Вследствие того, что непосредственное[97] единство рода и индивида простирается за пределы разума и природы, этот универсальный, идеальный индивид стал, вполне естественно и неизбежно, считаться сверхъестественным, небесным существом. Поэтому нелепо выводить из разума тождество рода и индивида; ибо только фантазия осуществляет это единство, фантазия, для которой нет ничего невозможного, та самая фантазия, которая творит чудеса; ибо величайшее чудо есть индивид, который, будучи индивидом, в то же время является идеей, родом, человечеством во всей полноте его совершенств и бесконечности. Поэтому также нелепо отвергать чудеса, но принимать библейского или догматического Христа.

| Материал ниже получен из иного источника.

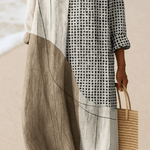 Haljina Ruby s prugama kombinira elegantan, suvremen dizajn s laskavom siluetom. Asimetrični dijelovi u boji bež, bijele i crne stvaraju hrabar vizualni efekt, dok opušteni kroj osigurava udobnost i lakoću. Mekana tkanina lijepo pada, pružajući graciozan tok koji dodaje eleganciju haljini. Idealna za ležerne dane ili dotjerane izlaske.

Приняв принцип, нельзя отрицать его неизбежных следствий.
О полном отсутствии в христианстве понятия рода особенно свидетельствует характерное учение его о всеобщей греховности людей. Это учение основано на требовании, чтобы индивид не был индивидом, а это требование в свою очередь покоится на предположении, что индивид сам по себе есть совершенное существо, адекватное представление или бытие рода. Здесь совершенно отсутствует объективное созерцание того, что «ты» способствует совершенству «я», что люди только вместе образуют человека и являются тем, чем может и должен быть человек. Все люди грешны. Я допускаю это: но все они грешат по разному: между ними существует очень большое, существенное различие. Один человек имеет склонность ко лжи,[98] другой — нет; он скорее пожертвует своей жизнью, чем нарушит свое слово или солжет, третий любит выпить, четвертый любит женщин, пятый свободен от всех этих недостатков или по милости природы, или благодаря энергии характера. Таким образом люди взаимно дополняют один другого не только в физическом и интеллектуальном, но и в нравственном отношении, благодаря чему в целом они являются тем, чем они должны быть, и представляют собою совершенного человека.
Поэтому общение с другими людьми облагораживает и возвышает: в обществе человек невольно, без всякого притворства, держит себя иначе, чем наедине с самим собой. Любовь, особенно половая любовь, творит чудеса. Мужчина и женщина взаимно исправляют и дополняют друг друга и только в единении представляют собою род, т. е. совершенного человека.[99] Любовь не мыслима вне рода. Любовь есть не что иное, как самоощущение рода, выраженное в половом различии. Реальность рода, служащая вообще только объектом разума, предметом мышления, становится в любви объектом чувства, истиной чувства; ибо в любви человек выражает недовольство своей индивидуальностью, постулирует существование другого, как потребность сердца, и причисляет другого к своему собственному существу, признает жизнь, связанную с ним любовью, жизнью истинно человеческой, соответствующей понятию человека, т. е. рода Индивид не полон, не совершенен, слаб, беспомощен; а любовь сильна, совершенна, спокойна, самодовольна, бесконечна, ибо в любви самоощущение индивидуальности обращается в самоощущение совершенства рода.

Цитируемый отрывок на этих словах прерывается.